Так неожиданно, таким ударом — как буря морская в лёгкие!
Диктатором? Какая дерзость!
Но и какой военный шаг!
Диктатором? — это даже больше Верховного Главнокомандующего?
Нет — меньше, меньше! — горячо уверяла Стана. — Это — не из рук правительства, и потому меньше! Да как можно поддаваться? Он зовёт тебя к мятежу! Ты — уже Верховный, чего ещё? Зачем диктаторство? И — как ты можешь сейчас повернуть? И против гостеприимного Тифлиса?
Для неё — уже всё было решено бесповоротно.
Да, правда, — опоминался великий князь. Это — мятеж против правительства. И — как же обмануть доверие Тифлиса? И вот социалистов?.. С каким лицом?..
Нет, в реальности уже не оставалось такого поворота. Упущено. Упущено. (А обожгло — как зимой предложение Хатисова...)
С глубокой печалью кивал великий князь:
— Увы, увы... Поедешь к Колчаку и скажешь...
— Да не поедет он в Севастополь! — вмешалась мать, уже всё обдумавшая. — Ты отказал, а всё равно будет носить характер сношений. Ты — Верховный Главнокомандующий, и ты перекомандуешь лейтенанту ехать с тобой в Ставку!
И — опять она была права.
И зачем уж, правда, Колчак — так дерзко, так неожиданно...?
Нет-нет, о нет! — немыслимо, неразумно бунтовать против правительства, против общества, против всей России! И — против, может быть, Ставки? Так и не хватит сил.
Стана была права.
Конечно, отказался великий князь.
Но — с внутренним сожалением, сокрушением, будто самое красивое — вдруг потеряно.
Нет, напротив! — надо всячески укреплять сношения с новым правительством. Странно, что три телеграммы послал вчера князю Львову — а ответа ни единого. Может быть, они чем-то недовольны? Вот и не держит в курсе событий, как просил его...
Послать ещё! Подразумеваемо заверить их, что и после Михаила всё остаётся, как вчера. Но и дать же понять, что положение наше — взаимно равное.
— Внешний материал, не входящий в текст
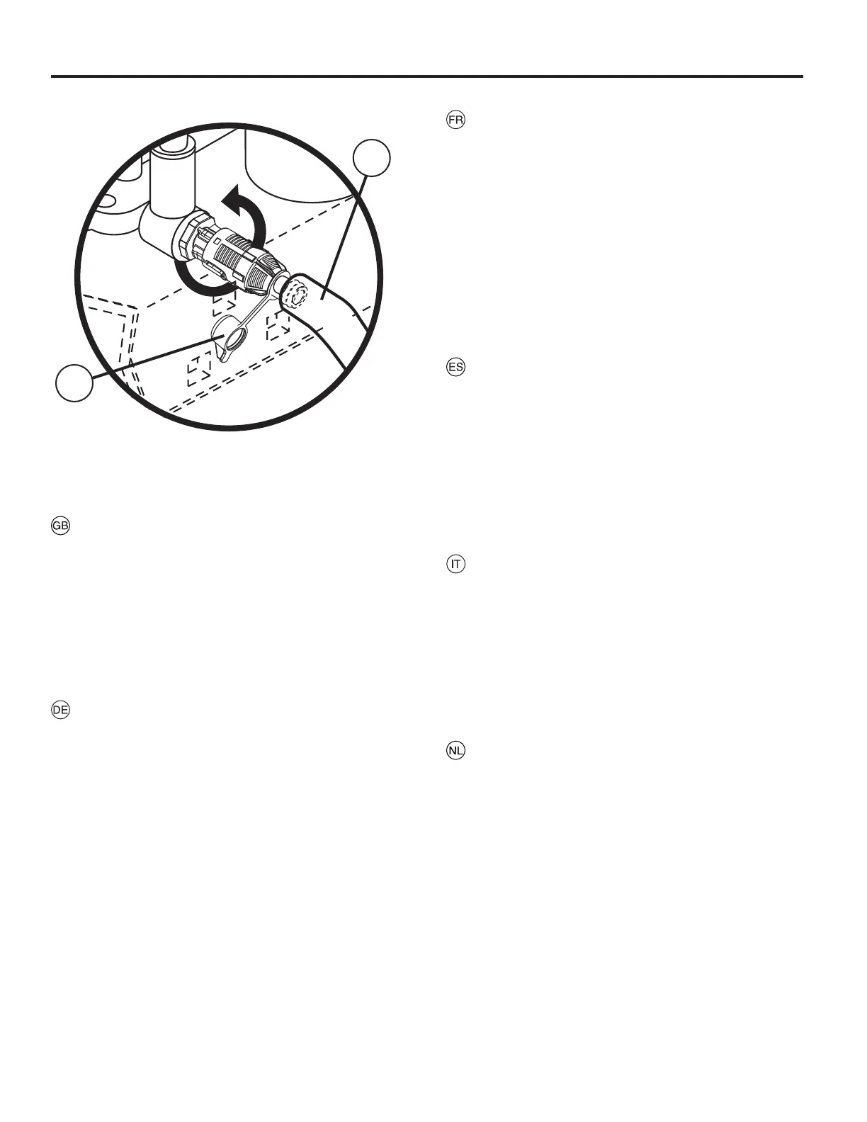 • Retirer le bouchon (1) et placer le tuyau de vidange (2).

... Прошу ваше сиятельство быть уверенным, что я приложу все силы... Однако же уверен, что и вы, со своей стороны... восстановите полнейший повсеместно порядок...
418
Их так ведут: впереди — конвоиров нет (у матросов
навыка тюремного нет).
Впереди — адмирал Непенин! Один.
Его кругловатое сообразительное живое лицо, только
рот прикрыт усами-бородкой.
Но напряжён, такого обращения он не ждал!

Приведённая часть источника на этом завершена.